Brief:
All of the data that follows is to be printed exactly, without pictures.

Supplied material:
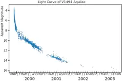 V1494 Aquilae or Nova Aquilae 1999 b was a nova which occurred during 1999 in the constellation Aquila and reached a brightness of magnitude 3.9 on 2 December 1999.[2] making it easily visible to the naked eye.[9] The nova was discovered with 14×100 binoculars by Alfredo Pereira of Cabo da Roca, Portugal at 18:50 UT on 1 December 1999, when it had a visual magnitude of 6.0.[10]
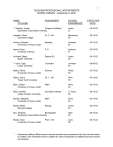 1 TEACHER/PROFESSIONAL APPOINTMENTS BOARD AGENDA – September 9, 2002 NAME COLLEGE ASSIGNMENT ** Adamko, James Program Facilitator Southwest Texas State University SCHOOL EXPERIENCE* EFFECTIVE DATE Austin 27 08-16-02 Aegerter, Sonia Columbia College Gr. 3 – Bil Brentwood 00 08-13-02 Andrus, Deborah University of Texas, Austin Reading Johnston 02 08-13-02 Appel, David University of Illinois P. E. Andrews 01 08-13-02 Archbold, Betsy Baylor University Special Ed Austin 00 08-13-02 ** Azios, Olga Lamar University Counselor Johnston 30 08-06-02 Bailey, Gloria University of Texas, Austin Science Webb 00 08-13-02 Barba, Jesus Texas Tech University Gr. 1 – Bil Winn 00 08-13-02 Berk, Joseph University of Texas, Austin Math Akins 03 08-13-02 Boltz, Jennifer Texas Christian University Asst Band Director O. Henry 02 08-13-02 Borden, Margaret University of Texas, Austin Math Akins 04 08-13-02 Bowie, Mhairi Barnard College Biology Lanier 00 08-13-02 Box, Kimberly Kindergarten Southwest Texas State University Allan 00 08-13-02 Breard, Alice University of Texas, Austin Cook 00 08-13-02 * Pre K - Bil Experience reflects official service records received and processed at the time this document is created. This information will be updated for some employees as additional service records are received. 2 TEACHER/PROFESSIONAL APPOINTMENTS BOARD AGENDA – September 9, 2002 NAME COLLEGE ASSIGNMENT Buffamonte, Brian Tarleton State University Social Studies – Athletics Travis 02 08-13-02 Burdett, Sarah University of Houston Language Arts Paredes 00 08-13-02 ** Bush, Frances University of Texas, Austin Principal Porter 33 08-01-02 Butler, Denise Houston Baptist University Asst Band Director Webb 01 08-13-02 Butler, James Manchester College Kindergarten Winn 00 08-13-02 Walnut Creek 00 08-13-02 Calhoun, Patricia Gr. 5 Southwest Texas State University SCHOOL EXPERIENCE* EFFECTIVE DATE Castaneda-English, Patricia University of Texas, Austin Counselor – Bil Pearce 06 08-06-02 Castillo-Wilson, Casidy University of Texas, Austin Choir Johnston 00 08-13-02 Castle, Paul Gr. 4/5 – Bil Southwest Texas State University Travis Heights 00 08-13-02 Chapa, Orlanda Speech Therapist Southwest Texas State University Rosedale 00 08-13-02 Cid, Vidal University of Texas, Austin Science Kealing 00 08-13-02 Ciesla, Karen University of Texas, Austin Gr. 8 – Math O. Henry 00 08-13-02 Clay, Jill Texas Christian University Language Arts – Sp Ed Dobie 00 08-13-02 Conyers, Sara Trinity University World Geography Austin 00 08-13-02 * Experience reflects official service records received and processed at the time this document is created. This information will be updated for some employees as additional service records are received. 3 TEACHER/PROFESSIONAL APPOINTMENTS BOARD AGENDA – September 9, 2002 NAME COLLEGE ASSIGNMENT SCHOOL EXPERIENCE* Cooley, Suzanne George Mason University Gr. 7 – Science Mendez 00 08-13-02 Coppage, Elaina University of Texas, Austin Special Ed Austin State Hospital 00 08-13-02 Corry, Deborah University of Texas, Austin Special Ed Brentwood 05 08-13-02 Costanzo, Lisa Syracuse University Special Ed Langford 00 08-13-02 Cruz, Rosalia Texas A & I, Laredo Project Facilitator Travis 29 08-12-02 Davenport, David Indiana University Orchestra LBJ 20 08-13-02 Davis, April University of Texas, Austin Gr. 2 Norman 00 08-13-02 Debbs, Rosalinda University of Texas, Austin Kindergarten – Bil Langford 00 08-13-02 De La Garza, Bernadette University of Texas, Austin Science Kealing 00 08-13-02 Delgado, Kristien Gr. 1 – Bil Southwest Texas State University Blanton 00 08-13-02 Dew, Trish Project Specialist University of Texas, San Antonio Crockett 00 08-13-02 Duarte, Rolando University of Texas, Austin Johnston 00 08-13-02 Duke, Dianne Math Texas A & M University, Corpus Christi Bailey 06 08-13-02 ** Duran, Yvonne Principal Texas A & M University, Kingsville Govalle 27 08-01-02 * Social Studies EFFECTIVE DATE Experience reflects official service records received and processed at the time this document is created. This information will be updated for some employees as additional service records are received. 4 TEACHER/PROFESSIONAL APPOINTMENTS BOARD AGENDA – September 9, 2002 NAME COLLEGE ASSIGNMENT SCHOOL EXPERIENCE* EFFECTIVE DATE Ecklund, Jaclyn University of Texas, Austin Early Child – Sp Ed Travis Heights 00 08-13-02 Edwards, Brian Asst Band Director Louisiana State University and A & M College Austin/Small 00 07-25-02 Edwards, Jonathan University of Texas, Austin Art McBee 00 08-13-02 Ellison, Bryon Hardin-Simmons University Math Crockett 00 08-13-02 Elmore, Flavia University of Houston Early Child – Sp Ed Govalle 00 08-13-02 Engdahl, Jenene University of Texas, Austin Gr. 6 – Science Webb 00 08-13-02 Ervin, Jermaine Hardin-Simmons University 7/8 Reading Paredes 00 08-13-02 Eureste, Melissa University of Texas, Austin Chemistry Johnston 00 08-13-02 Evans-Voyle, Stephanie Tarleton State University Gr. 3 Andrews 00 08-13-02 Ewald, Jennifer University of Texas, Austin Gr. 4 Oak Hill 00 08-13-02 Fajkus, Jean University of Texas, Austin Educational Diagnostician Harris 25 08-13-02 Faust, Gary Band Director Northwestern State University of Louisiana Travis 17 07-22-02 Faw, Tammy Assoc Psych Intern Southwest Texas State University Mendez 00 08-13-02 Ridgetop 00 08-13-02 Ferrer, Laura University of Puerto Rico * Early Child – Bil/Sp Ed Experience reflects official service records received and processed at the time this document is created. This information will be updated for some employees as additional service records are received. 5 TEACHER/PROFESSIONAL APPOINTMENTS BOARD AGENDA – September 9, 2002 NAME COLLEGE ASSIGNMENT SCHOOL EXPERIENCE* EFFECTIVE DATE Finnell, James Asst Band Director West Texas A & M University LBJ/Kealing 06 07-29-02 Fisher, Ann Pre K Southwest Texas State University Brentwood 07 08-13-02 ** Fisher, John Asst Principal Southwest Texas State University Baranoff 28 08-01-02 Flansbu
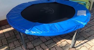 Salta salta per bambini usato in discrete condizioni. Da ripristinare una parte della protezione laterale (spesa della riparazione irrisoria). Struttura, molle e tappeto elastico ottimi. Valuto offerte sensate.
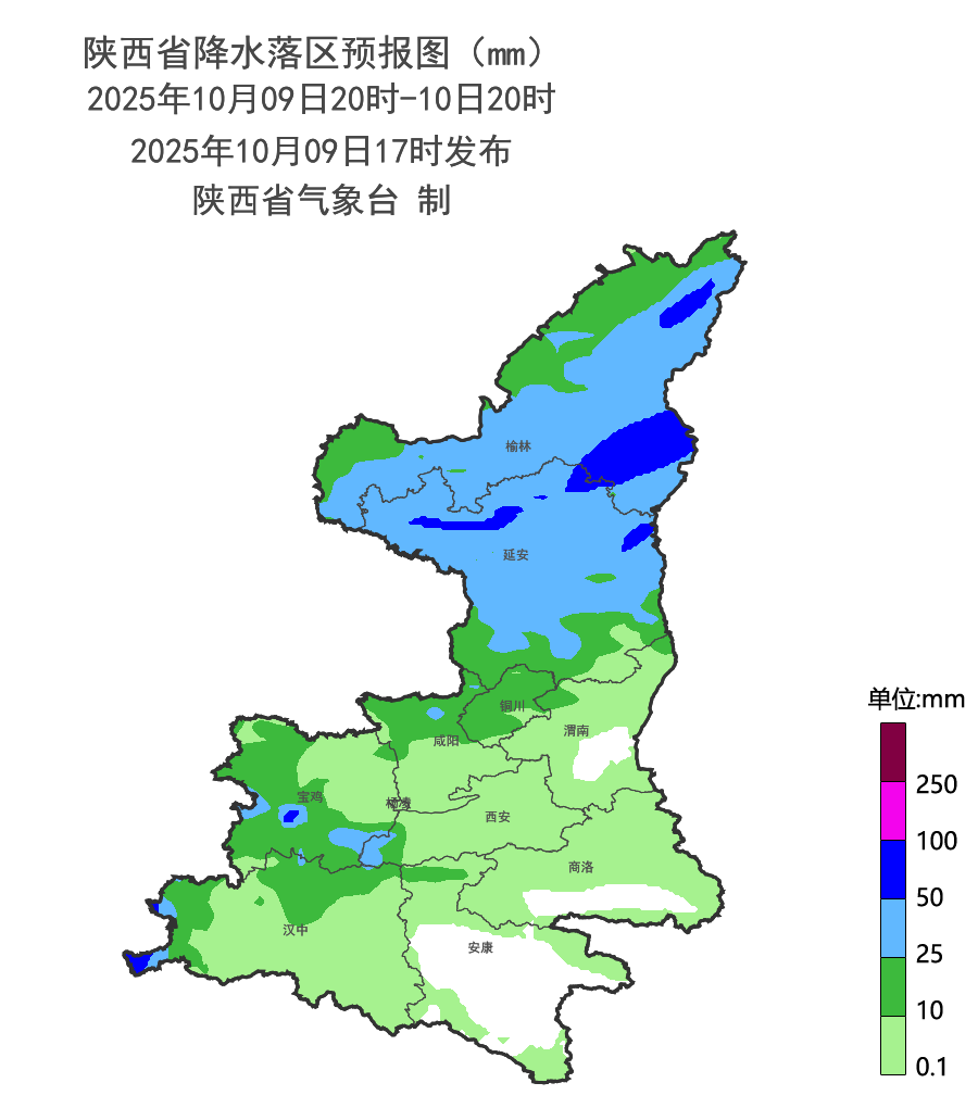 预计10月9日20时至10日20时榆林大部、延安大部、宝鸡南部局地、咸阳北部局地、西安西部局地、汉中西部局地有大雨(25~50毫米),其中榆林东部局地(神木市、府谷县、绥德县、佳县、吴堡县、清涧县、子洲县)、延安北部局地(安塞区、吴起县、志丹县、子长市、延川县、延长县)、宝鸡南部局地(渭滨区、凤县)、汉中西部局地(略阳县、宁强县)有暴雨(50~80毫米)。上述部分地区伴有短时强降水(最大小时降雨量10~30毫米)。

Exercise response:
 V1494 Aquilae or Nova Aquilae 1999 b was a nova which occurred during 1999 in the constellation Aquila and reached a brightness of magnitude 3.9 on 2 December 1999.[2] making it easily visible to the naked eye.[9] The nova was discovered with 14×100 binoculars by Alfredo Pereira of Cabo da Roca, Portugal at 18:50 UT on 1 December 1999, when it had a visual magnitude of 6.0.[10]
 1 TEACHER/PROFESSIONAL APPOINTMENTS BOARD AGENDA – September 9, 2002 NAME COLLEGE ASSIGNMENT ** Adamko, James Program Facilitator Southwest Texas State University SCHOOL EXPERIENCE* EFFECTIVE DATE Austin 27 08-16-02 Aegerter, Sonia Columbia College Gr. 3 – Bil Brentwood 00 08-13-02 Andrus, Deborah University of Texas, Austin Reading Johnston 02 08-13-02 Appel, David University of Illinois P. E. Andrews 01 08-13-02 Archbold, Betsy Baylor University Special Ed Austin 00 08-13-02 ** Azios, Olga Lamar University Counselor Johnston 30 08-06-02 Bailey, Gloria University of Texas, Austin Science Webb 00 08-13-02 Barba, Jesus Texas Tech University Gr. 1 – Bil Winn 00 08-13-02 Berk, Joseph University of Texas, Austin Math Akins 03 08-13-02 Boltz, Jennifer Texas Christian University Asst Band Director O. Henry 02 08-13-02 Borden, Margaret University of Texas, Austin Math Akins 04 08-13-02 Bowie, Mhairi Barnard College Biology Lanier 00 08-13-02 Box, Kimberly Kindergarten Southwest Texas State University Allan 00 08-13-02 Breard, Alice University of Texas, Austin Cook 00 08-13-02 * Pre K - Bil Experience reflects official service records received and processed at the time this document is created. This information will be updated for some employees as additional service records are received. 2 TEACHER/PROFESSIONAL APPOINTMENTS BOARD AGENDA – September 9, 2002 NAME COLLEGE ASSIGNMENT Buffamonte, Brian Tarleton State University Social Studies – Athletics Travis 02 08-13-02 Burdett, Sarah University of Houston Language Arts Paredes 00 08-13-02 ** Bush, Frances University of Texas, Austin Principal Porter 33 08-01-02 Butler, Denise Houston Baptist University Asst Band Director Webb 01 08-13-02 Butler, James Manchester College Kindergarten Winn 00 08-13-02 Walnut Creek 00 08-13-02 Calhoun, Patricia Gr. 5 Southwest Texas State University SCHOOL EXPERIENCE* EFFECTIVE DATE Castaneda-English, Patricia University of Texas, Austin Counselor – Bil Pearce 06 08-06-02 Castillo-Wilson, Casidy University of Texas, Austin Choir Johnston 00 08-13-02 Castle, Paul Gr. 4/5 – Bil Southwest Texas State University Travis Heights 00 08-13-02 Chapa, Orlanda Speech Therapist Southwest Texas State University Rosedale 00 08-13-02 Cid, Vidal University of Texas, Austin Science Kealing 00 08-13-02 Ciesla, Karen University of Texas, Austin Gr. 8 – Math O. Henry 00 08-13-02 Clay, Jill Texas Christian University Language Arts – Sp Ed Dobie 00 08-13-02 Conyers, Sara Trinity University World Geography Austin 00 08-13-02 * Experience reflects official service records received and processed at the time this document is created. This information will be updated for some employees as additional service records are received. 3 TEACHER/PROFESSIONAL APPOINTMENTS BOARD AGENDA – September 9, 2002 NAME COLLEGE ASSIGNMENT SCHOOL EXPERIENCE* Cooley, Suzanne George Mason University Gr. 7 – Science Mendez 00 08-13-02 Coppage, Elaina University of Texas, Austin Special Ed Austin State Hospital 00 08-13-02 Corry, Deborah University of Texas, Austin Special Ed Brentwood 05 08-13-02 Costanzo, Lisa Syracuse University Special Ed Langford 00 08-13-02 Cruz, Rosalia Texas A & I, Laredo Project Facilitator Travis 29 08-12-02 Davenport, David Indiana University Orchestra LBJ 20 08-13-02 Davis, April University of Texas, Austin Gr. 2 Norman 00 08-13-02 Debbs, Rosalinda University of Texas, Austin Kindergarten – Bil Langford 00 08-13-02 De La Garza, Bernadette University of Texas, Austin Science Kealing 00 08-13-02 Delgado, Kristien Gr. 1 – Bil Southwest Texas State University Blanton 00 08-13-02 Dew, Trish Project Specialist University of Texas, San Antonio Crockett 00 08-13-02 Duarte, Rolando University of Texas, Austin Johnston 00 08-13-02 Duke, Dianne Math Texas A & M University, Corpus Christi Bailey 06 08-13-02 ** Duran, Yvonne Principal Texas A & M University, Kingsville Govalle 27 08-01-02 * Social Studies EFFECTIVE DATE Experience reflects official service records received and processed at the time this document is created. This information will be updated for some employees as additional service records are received. 4 TEACHER/PROFESSIONAL APPOINTMENTS BOARD AGENDA – September 9, 2002 NAME COLLEGE ASSIGNMENT SCHOOL EXPERIENCE* EFFECTIVE DATE Ecklund, Jaclyn University of Texas, Austin Early Child – Sp Ed Travis Heights 00 08-13-02 Edwards, Brian Asst Band Director Louisiana State University and A & M College Austin/Small 00 07-25-02 Edwards, Jonathan University of Texas, Austin Art McBee 00 08-13-02 Ellison, Bryon Hardin-Simmons University Math Crockett 00 08-13-02 Elmore, Flavia University of Houston Early Child – Sp Ed Govalle 00 08-13-02 Engdahl, Jenene University of Texas, Austin Gr. 6 – Science Webb 00 08-13-02 Ervin, Jermaine Hardin-Simmons University 7/8 Reading Paredes 00 08-13-02 Eureste, Melissa University of Texas, Austin Chemistry Johnston 00 08-13-02 Evans-Voyle, Stephanie Tarleton State University Gr. 3 Andrews 00 08-13-02 Ewald, Jennifer University of Texas, Austin Gr. 4 Oak Hill 00 08-13-02 Fajkus, Jean University of Texas, Austin Educational Diagnostician Harris 25 08-13-02 Faust, Gary Band Director Northwestern State University of Louisiana Travis 17 07-22-02 Faw, Tammy Assoc Psych Intern Southwest Texas State University Mendez 00 08-13-02 Ridgetop 00 08-13-02 Ferrer, Laura University of Puerto Rico * Early Child – Bil/Sp Ed Experience reflects official service records received and processed at the time this document is created. This information will be updated for some employees as additional service records are received. 5 TEACHER/PROFESSIONAL APPOINTMENTS BOARD AGENDA – September 9, 2002 NAME COLLEGE ASSIGNMENT SCHOOL EXPERIENCE* EFFECTIVE DATE Finnell, James Asst Band Director West Texas A & M University LBJ/Kealing 06 07-29-02 Fisher, Ann Pre K Southwest Texas State University Brentwood 07 08-13-02 ** Fisher, John Asst Principal Southwest Texas State University Baranoff 28 08-01-02 Flansbu
 Salta salta per bambini usato in discrete condizioni. Da ripristinare una parte della protezione laterale (spesa della riparazione irrisoria). Struttura, molle e tappeto elastico ottimi. Valuto offerte sensate.
 预计10月9日20时至10日20时榆林大部、延安大部、宝鸡南部局地、咸阳北部局地、西安西部局地、汉中西部局地有大雨(25~50毫米),其中榆林东部局地(神木市、府谷县、绥德县、佳县、吴堡县、清涧县、子洲县)、延安北部局地(安塞区、吴起县、志丹县、子长市、延川县、延长县)、宝鸡南部局地(渭滨区、凤县)、汉中西部局地(略阳县、宁强县)有暴雨(50~80毫米)。上述部分地区伴有短时强降水(最大小时降雨量10~30毫米)。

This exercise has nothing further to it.